Respuesta :
Explanation:
Certainly! Let's calculate the moles of each reactant and determine the limiting and excess reactants.
1. Moles of Cl2:
- Molar mass of Cl: approximately 35.45 g/mol
- Moles of Cl2 = 0.855 g / (2 * 35.45 g/mol) ≈ 0.0121 mol
2. Moles of KBr:
- Molar mass of K: approximately 39.10 g/mol
- Molar mass of Br: approximately 79.90 g/mol
- Moles of KBr = 3.205 g / (39.10 g/mol + 79.90 g/mol) ≈ 0.0258 mol
Now, we compare the moles of Cl2 and KBr:
- Cl2: 0.0121 mol
- KBr: 0.0258 mol
Since Cl2 has fewer moles than KBr, it is the limiting reactant.

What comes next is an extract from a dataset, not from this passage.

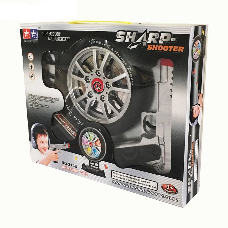 به جای استفاده از گلوله ساچمه ای از اشعه ای به نام اینفرارد استفاده کرده است و کارایی این تفنگ به این صورت است که اگر تیر شما به صورت صحیح به سیبل بخورد ، موزیک پخش می شود و افکت های صوتی از خود بروز می دهد که برای کودکان بسیار جذاب میباشد.

Next, let's calculate the moles of products based on the limiting reactant (Cl2):
The balanced chemical equation for the reaction between Cl2 and KBr is needed to determine the stoichiometric ratios.
Assuming the balanced equation is: `Cl2 + 2KBr → 2KCl + Br2`
Now, using stoichiometry:
- Moles of KCl formed = 2 * moles of Cl2 reacted
- Moles of Br2 formed = 1 * moles of Cl2 reacted
Finally, calculate the moles of excess reactant (KBr):
- Moles of excess KBr = Initial moles of KBr - moles used in the reaction (based on stoichiometry)
If you provide the balanced equation, I can help with the final stoichiometric calculations.